I can’t end it though, because of Charlie, who doesn’t even know yet that Daddy has died. Died. What a horrible word. Charlie, who on the phone earlier tonight told Daddy he’d done another drawing for his wall and got no response, as usual. And never will now.
I’m unable to move. I sit with him for what feels like eternity but is probably a few minutes. It’s only when the nurse knocks at the door and bustles in for her evening check that she finds us here. Checks Cam’s pulse. Tells me she’s sorry, there’s nothing we can do. And even though I know that, it quashes any final hope this is just a nightmare.
She calls her colleagues, who call a funeral director, who’ll be tasked to take Cam away. Paperwork is prepared. Questions are asked. Answers are given on autopilot. It’s all very efficient and administrative, and I can’t take my eyes off him. My Cam. My love. My whole life. What am I going to do now? I’ve been thoroughly occupied in my caring role since a few months after the diagnosis, but that gave me purpose. I don’t even know who I am without the job it has become to look after him.
‘Can we call someone for you?’ the nurse asks.
‘It’s okay. I drove myself.’
She places her hand gently on my shoulder. ‘Someone else should drive you home tonight.’
I scroll through my contacts list and find Hugh’s number and pass the nurse my phone. I don’t even think of calling anyone else this time. He’s the one who handles this stuff best.
I can hear her muffled conversation outside in the corridor. ‘. . . about half an hour ago . . . she’s in shock . . . thank you . . .’
And it’s not until about twenty minutes later, when Hugh walks in calmly, respectfully, that the tears finally erupt. I pick up Cam’s hand, my head bent, and hold it to my forehead.
His skin is already going cold.
This is the saddest I will ever be, I think.

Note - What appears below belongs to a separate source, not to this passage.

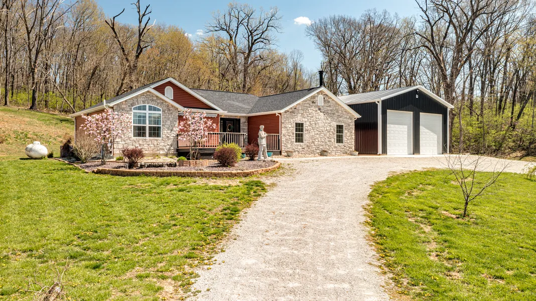 PRIVATE COUNTRY LIVING just minutes from town! This 4 bedroom, 3 bathroom 2016 home sits on almost 20 acres full of adventures that await the new owner! An avid outdoorsman's dream- with great hunting, a pond for fishing, timber, trails, a limestone creek, hills and elevation that lead to beautiful views, plus a shooting shack complete with power, solar lights and a woodstove. The property also features a 32x60 Pro Built Shed built in 2022 that has three doors with tall clearance. Inside the home you'll find an open concept kitchen and dining area, with lots of light and great views of the outside. The 22x22 living room addition features a woodburning stove, and room for any furniture arrangement. Primary bedroom boasts a large ensuite bathroom and a walk in closet. Basement has large bedrooms with egress windows and walk in closets, plus another full bathroom a large storage room. Back patio is set up for entertaining and wired for a hot tub. Don't read about it, come see about it!

But even this early in my fledgling grief, I suspect that’s probably not true. I’m going to disintegrate.
‘I’ll give you time with Cam alone,’ Hugh says behind me.
I don’t turn around. ‘Stay,’ I say in a voice I barely recognise. I don’t like being alone with Cam now. But I can’t leave him. I need to watch over him until they take him from here. From me.
Hugh doesn’t speak unless spoken to, but his strong presence in the room is such a comfort. I say something about needing to start calling people and he tells me we’ll get to that soon, it’s okay just to sit here with Cam for a while.
I’m instantly terrified to go home to an empty house. I don’t know what to do about anything. ‘Do I call in and wake Charlie up or tell him tomorrow?’
‘Let him sleep. Look after yourself tonight and get your bearings.’
My bearings? There can be no bearings in a life without my husband.
Charlie can have twelve more hours until his world is shattered. Twelve hours until his childhood innocence is ripped to pieces. Of course I’ve prepared him for this moment, as much as you can prepare a three-year-old, but I could never quite imagine us actually being here. There’s no rule book, and I desperately need one.
Grief is strange, when it happens in advance. Since Cam’s diagnosis two years ago, I’ve been processing this loss every day. I thought the time we had to accept it would make it easier. Sudden death must be so blindsiding in comparison. But now I’m here, I’m blindsided anyway, because I never truly believed this would unfold. Never stopped hoping for a miracle, even though we were so obviously not going to get one.
Hugh passes me a glass of water. He tells me grief can be dehydrating.
I can’t work out how he knows so much, but I do as he says and take the glass.
It strikes me that Cam will never need water again. He’ll never need pyjamas or sheets. Never a bed or a toothbrush or shaving gear. He’ll never drive. Never see the stars. Never anything. He is finished. Done. Gone. Full stop.
‘He’s never coming back,’ I whisper, finally appreciating what grief really is. This permanent ending of a person. The end of their story. The complete lack of their existence.